▶ [What you will do] Leave the pictures out, and repeat exactly each line from the one that holds "5. Índice de" through the final line of the entries below.

[Stored data]
____

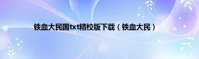 大家好,小问来为大家解答以上问题。铁血大民国txt精校版下载,铁血大民这个很多人还不知道,现在让我们一起来看看吧!
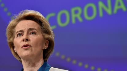 La presidenta de la Comisión Europea, Ursula von der Leyen, durante un acto en Bruselas, este mes. En vídeo, Von der Leyen anuncia el financiamiento para desarrollar, producir y distribuir una vacuna contra el coronavirus, este lunes en Bruselas.Vídeo: REUTERS
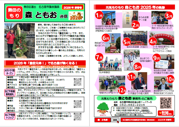 ますます名古屋・熱田が活気づく年になるよう、また私たちの暮らしの一層の向上を目指し、元気もりもりがんばります。
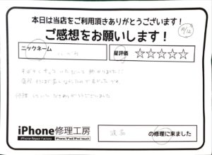 【iPhone SE2の画面交換でお越しのジュン様より頂いた評価】
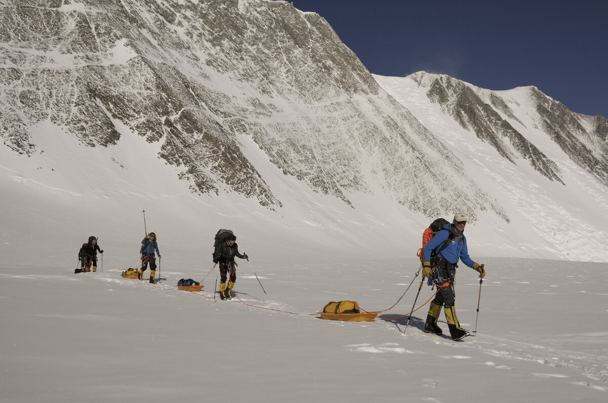 Four climbers in winter gear are pulling sleds with supplies across a snow-covered Antarctic landscape, with steep mountain slopes in the background under a clear blue sky—a classic scene of South Pole expeditions.
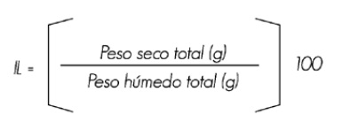 5. Índice de lignificación (IL). Relaciona el peso seco total con el peso húmedo total de la planta, que determina el porcentaje de lignificación y se calcula con la fórmula:
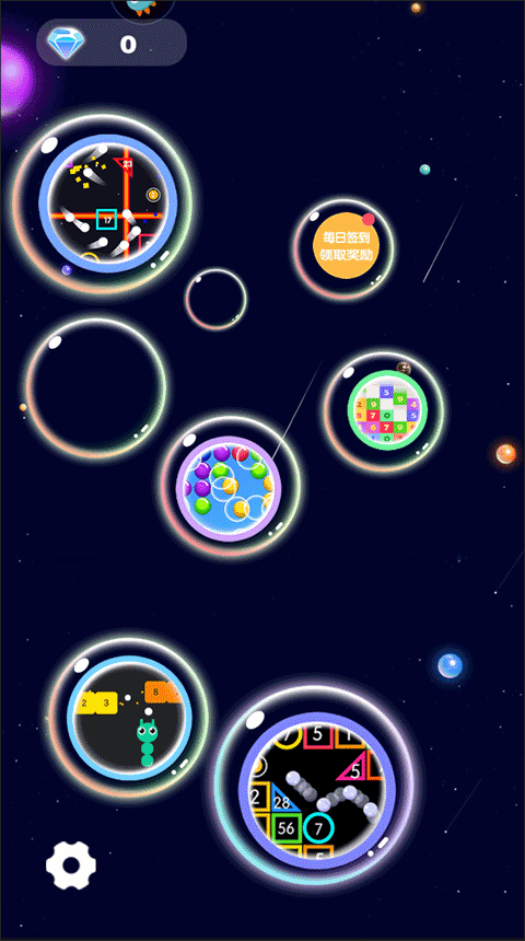 1、运行游戏后,在主界面点击界面中的球体进入具体的游戏;
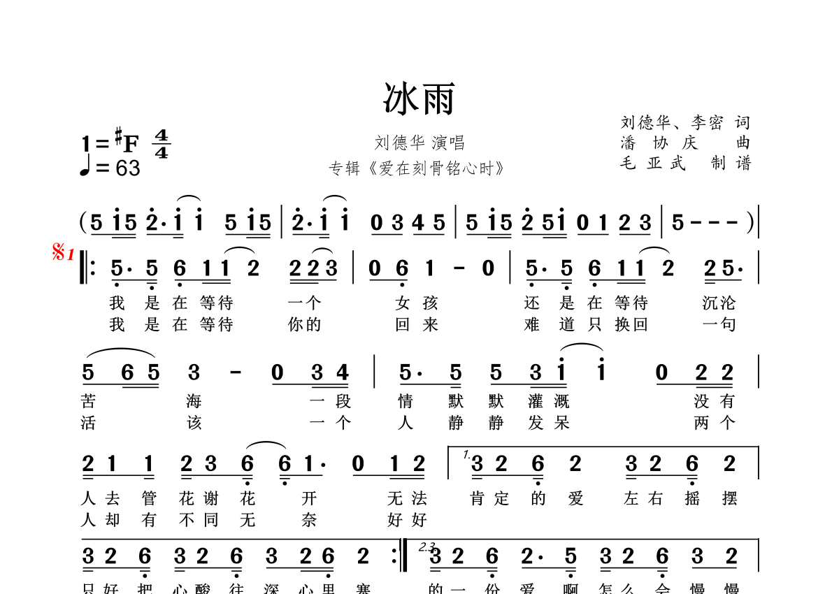冰雨简谱 - 刘德华演唱

____

▶ [Task output]
 5. Índice de lignificación (IL). Relaciona el peso seco total con el peso húmedo total de la planta, que determina el porcentaje de lignificación y se calcula con la fórmula:
 1、运行游戏后,在主界面点击界面中的球体进入具体的游戏;
冰雨简谱 - 刘德华演唱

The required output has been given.